Dear BaseX team, perhaps I hear an opinion about the following idea. (1) The function xquery:parse is already immensely useful as it allows to *validate* XPath expressions, as for example used in configuration data. (A practical example: the XPath expressions used in JMeter [1] test plans in order to extract message data and define test assertions.) (2) Given the XSDs of a Web Service (or other application), it is possible to determine all valid data paths (e.g. /a/b/c is valid, /a/b/C is not valid). (3) If there were a reliable way to map the output of xquery:parse to the implied data paths, then one could use xquery:parse to validate xpath expression not only for syntactic correctness (which is already very much!), but also for consistency with application XSDs. This would be extremly usefuly as XSDs evolve and a checking if configuration-based XPath expressions must be adapted is otherwise very difficult to achieve in any systematic way. (4) Looking at the xquery:parse output, it seems certainly feasible to write such a mapping (xquery:parse output => data paths); but the problem I see is that the format is not guaranteed to be stable, as it is no standard. (And it is probably not described.) If BaseX provided such a functionality as an additional extension function (e.g. xquery:data-paths($query as xs:string)) you would simply be - heros. Cheers,Hans-Jürgen
[1] http://jmeter.apache.org/ PS: Illustrative example. let $query := "/descendant::OutboundFlight[Status = 'Booked'][1]/FlightDeparture/DepartureTime"return xquery:parse($query)=><MainModule updating="false"> <QueryPlan compiled="false"> <CachedPath> <Root/> <IterPosStep axis="descendant" test="OutboundFlight"> <CmpG op="="> <CachedPath> <IterStep axis="child" test="Status"/> </CachedPath> <Str value="Booked" type="xs:string"/> </CmpG> <Int value="1" type="xs:integer"/> </IterPosStep> <IterStep axis="child" test="FlightDeparture"/> <IterStep axis="child" test="DepartureTime"/> </CachedPath> </QueryPlan> </MainModule>
let $query := "/descendant::OutboundFlight[FlightDeparture/DepartureDate][1]/FlightDeparture/DepartureDate"return xquery:data-paths($query)=>//OutboundFlight/FlightDeparture/DepartureTime,//OutboundFlight/Status
Hi Hans-Jürgen,
Sounds like an interesting idea. As the output of xquery:parse is XML, the xquery:data-paths function could probably be written in XQuery itself?
Best, Christian _________________________________
On Sat, Feb 20, 2016 at 12:24 AM, Hans-Juergen Rennau hrennau@yahoo.de wrote:
Dear BaseX team,
perhaps I hear an opinion about the following idea.

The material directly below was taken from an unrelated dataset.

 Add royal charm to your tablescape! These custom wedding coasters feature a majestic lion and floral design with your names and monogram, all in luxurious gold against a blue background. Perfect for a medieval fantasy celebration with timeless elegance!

(1) The function xquery:parse is already immensely useful as it allows to *validate* XPath expressions, as for example used in configuration data. (A practical example: the XPath expressions used in JMeter [1] test plans in order to extract message data and define test assertions.)

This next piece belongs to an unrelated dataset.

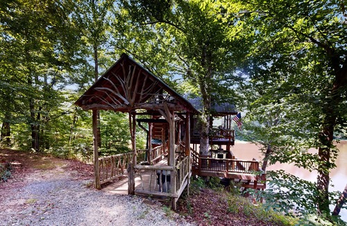 Step inside this cozy retreat, complete with a king bed, cable TV, and a wood-burning fireplace, creating a warm and inviting atmosphere. The tree house boasts a well-equipped kitchen, allowing you to prepare your favorite meals before relaxing on the deck or patio with a view of the lake.

(2) Given the XSDs of a Web Service (or other application), it is possible to determine all valid data paths (e.g. /a/b/c is valid, /a/b/C is not valid).

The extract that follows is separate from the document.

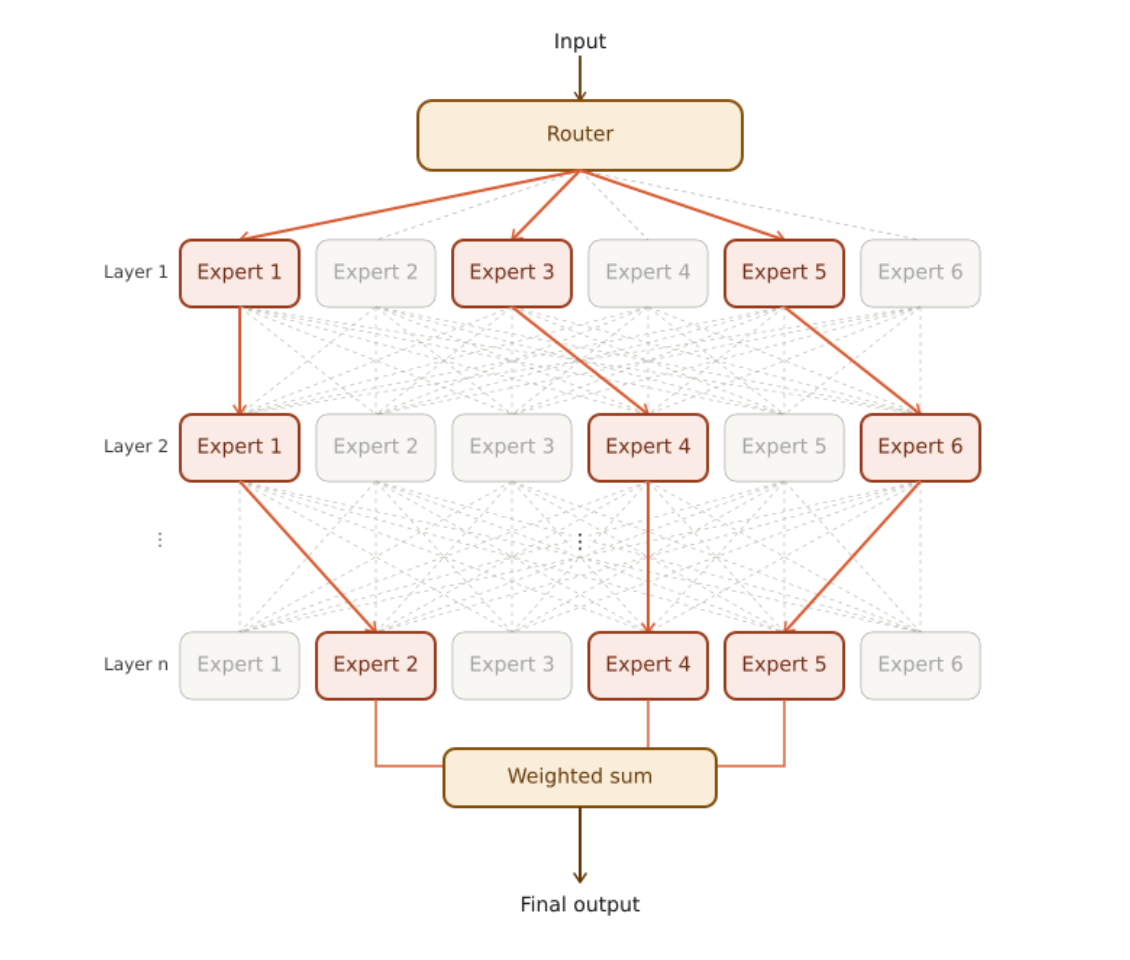 In sparse MoE models, only a subset of the model’s parameters, called experts, is activated. A gating network or router determines which experts are activated. This mechanism allows a complex task to be divided into simpler subtasks, each handled by smaller, specialized networks.

(3) If there were a reliable way to map the output of xquery:parse to the implied data paths, then one could use xquery:parse to validate xpath expression not only for syntactic correctness (which is already very much!), but also for consistency with application XSDs. This would be extremly usefuly as XSDs evolve and a checking if configuration-based XPath expressions must be adapted is otherwise very difficult to achieve in any systematic way.
(4) Looking at the xquery:parse output, it seems certainly feasible to write such a mapping (xquery:parse output => data paths); but the problem I see is that the format is not guaranteed to be stable, as it is no standard. (And it is probably not described.) If BaseX provided such a functionality as an additional extension function (e.g. xquery:data-paths($query as xs:string)) you would simply be - heros.
Cheers, Hans-Jürgen
PS: Illustrative example.
let $query := "/descendant::OutboundFlight[Status = 'Booked'][1]/FlightDeparture/DepartureTime" return xquery:parse($query) =>
<MainModule updating="false"> <QueryPlan compiled="false"> <CachedPath> <Root/> <IterPosStep axis="descendant" test="OutboundFlight"> <CmpG op="="> <CachedPath> <IterStep axis="child" test="Status"/> </CachedPath> <Str value="Booked" type="xs:string"/> </CmpG> <Int value="1" type="xs:integer"/> </IterPosStep> <IterStep axis="child" test="FlightDeparture"/> <IterStep axis="child" test="DepartureTime"/> </CachedPath> </QueryPlan> </MainModule>
let $query := "/descendant::OutboundFlight[FlightDeparture/DepartureDate][1]/FlightDeparture/DepartureDate" return xquery:data-paths($query) => //OutboundFlight/FlightDeparture/DepartureTime, //OutboundFlight/Status
Certainly,Christian! Therefore, in principle the functionality could be supplied by application code. Only, as I said, the problem with a user-supplied (XQuery) implementation of the function would be unpredictable changes of the input (= xquery:parse output) in future versions of BaseX, as well as the guessing made necessary by the lack of a description or schema of the input. Cheers,Hans-Jürgen
Christian Grün christian.gruen@gmail.com schrieb am 0:43 Samstag, 20.Februar 2016:
Hi Hans-Jürgen,
Sounds like an interesting idea. As the output of xquery:parse is XML, the xquery:data-paths function could probably be written in XQuery itself?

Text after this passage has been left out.